How, then, let us ask the challenger, is the application of the trochaic system justified? In Mr. Bayfield's scheme the plain norm of the "full blank" verse line is an eleven-syllable arrangement of which the first is a "short," followed by five trochees; and the following line (quoted in his second book, which takes up the subject anew) is given as specimen:
I ⁝ come to | bury | Cæsar, | not to | praise him.‖
But the full line does not happen to be the common form, owing to its feminine ending, and so he admits that the prevailing type is the "checked" form:
To ⁝ sleep; per | chance to | dream: ay | there's the | rub.∧‖
The anacrusis or up-beat, marked off by ⁝, is an integral part of the new system; in reality it is the device by which the author changes iambic to trochaic movement. Here, indeed, is the crucial point of the dispute between iambic and trochaic. Under the first, this up-beat or take-off is neither very frequent nor very rare; under the second, it is common. Mr. Bayfield's idiosyncratic use of it is illustrated by himself thus:
My ⁝ heart | aches, and a | drowsy numbness pains,
and—
Or emptied some dull | opiate | to the drains,
and by—
But ⁝ being too | happy in thine happiness;
the reader being left to discover for himself the reason for the difference of prosodic interpretation. If the ear should be satisfied with this difference (and Mr. Bayfield admits that the ear is judge and jury), what might its verdict be as to the validity of a double up-beat, leaving only semi-syllables for the rest of the line?

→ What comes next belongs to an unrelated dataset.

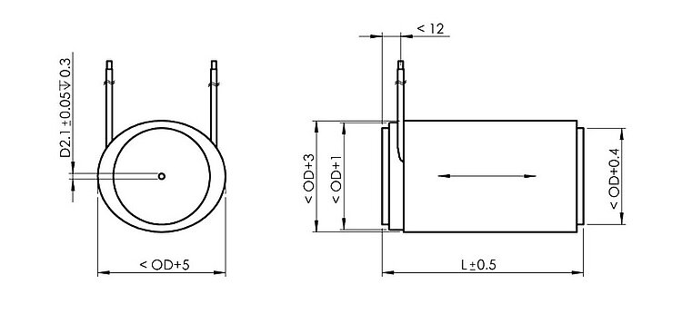Stellweg | Durchmesser OD | Länge L | Blockierkraft | Steifigkeit | Elektrische Kapazität | Resonanzfrequenz | |

And thy ⁝ mouth | shúddering | like a | shót | bírd.‖
Here let it be remarked that his system acknowledges monosyllabic feet, but he is not well informed in denying them a place in the iambic system. He complains of "ragtime scansions," in referring to the fact that the iambic system admits trochees whenever it would break down by refusing them, and seems to deplore a resulting loss of "continuity of rhythm." Yet he himself does not scruple to write of one of his own illustrations: "A striking contrast in rhythm may be noted here. That of the first line and a half ... is markedly trochaic; the other line and a half fall into an equally marked iambic rhythm." He has not, in fact, escaped from the difficulties and inconsistencies which beset the prosodist. He does little more than prove that the music of the poets cannot be defeated or disguised by either system. He gives this as containing a quinquesyllabic foot:
Well, ∧ | Juliet, I will | lie with thee to-night,
and dubiously suggests "hire" as a disyllable in:
And ⁝ hire | post-horses; | I will hence to-night.

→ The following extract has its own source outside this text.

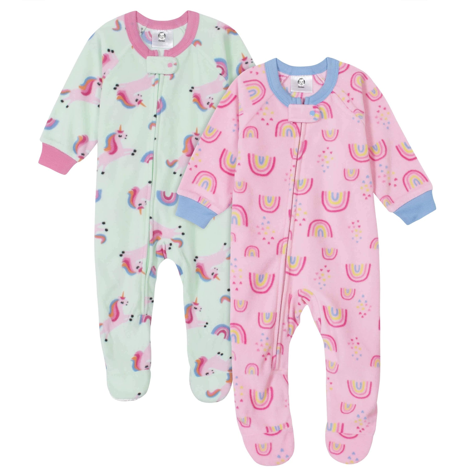Gerber® 2-Pack Baby Girls Unicorns & Rainbows Fleece Pajamas

He is aware that an alternative scansion may in some cases be correct, but does not sufficiently realise that any prosodic system is but an artificiality, formed to explain, and not dictate, the infinitely variable rhythms of poetry. His own particular system, for all its ingenuities, appears more artificial and arbitrary than the iambic. It is interesting to note that his examples are largely drawn from Shakespeare, Tennyson, Swinburne, and Shelley, all fruitful ground; while Milton and Coleridge, Campion and Keats are much less used or left alone altogether. Might not these fascinating and delusive excursions into the mysteries of rhythm be extended to certain living poets—at least to Mr. Hardy and Mr. Bridges?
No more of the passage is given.